2.1 Definitions: In the Agreement, the following terms have the stated meaning:

Agreement: these Terms and the Statements of Work, Service Schedules and Work or Goods Requests.

Business Days: a day that is not a Saturday or Sunday, a public holiday in Auckland, or a day between 25 December to 3rd January (inclusive).

Business Hours: 8:00am to 6:00pm on Business Days.

Client: the client named in the Statement of Work, Service Schedule or who issues (or on whose behalf is issued) a Work or Goods Request.

Confidential Information: the terms and conditions of the Agreement and any information that is not public knowledge and which is obtained from the other party in the course of, or in connection with, the Agreement.
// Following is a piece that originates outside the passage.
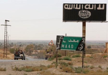 A vehicle drives past a billboard bearing the logo of the Islamic State (IS) group in Madan area, in the countryside of Deir Ezzor, on September 24, 2017, as Syrian government forces continue to press forward with Russian air cover in the offensive against the jihadists across the province. / AFP PHOTO / STRINGER (Photo credit should read STRINGER/AFP/Getty Images)

Intellectual Property owned by Brightly is Brightly’s Confidential Information.

Deliverables: the deliverables set out in the relevant Statement of Work or Work or Goods Request.

Fees: the fees set out in the relevant Statement of Work, Service Schedule or Work or Goods Request, or if there are none, the fees calculated as set out in clause 11.2.

Force Majeure: an event that is beyond the reasonable control of a party, excluding an event to the extent that it could have been avoided by a party taking reasonable steps or reasonable care.

Goods: the goods described in the relevant Statement of Work, Service Schedule or Work or Goods Request.

Intellectual Property Rights: includes copyright and all rights conferred under statute, common law or equity relating to inventions (including patents), registered or unregistered trade marks and designs, circuit layouts, data and databases, confidential information, know-how, and all other rights resulting from intellectual activity. Intellectual Property has a consistent meaning.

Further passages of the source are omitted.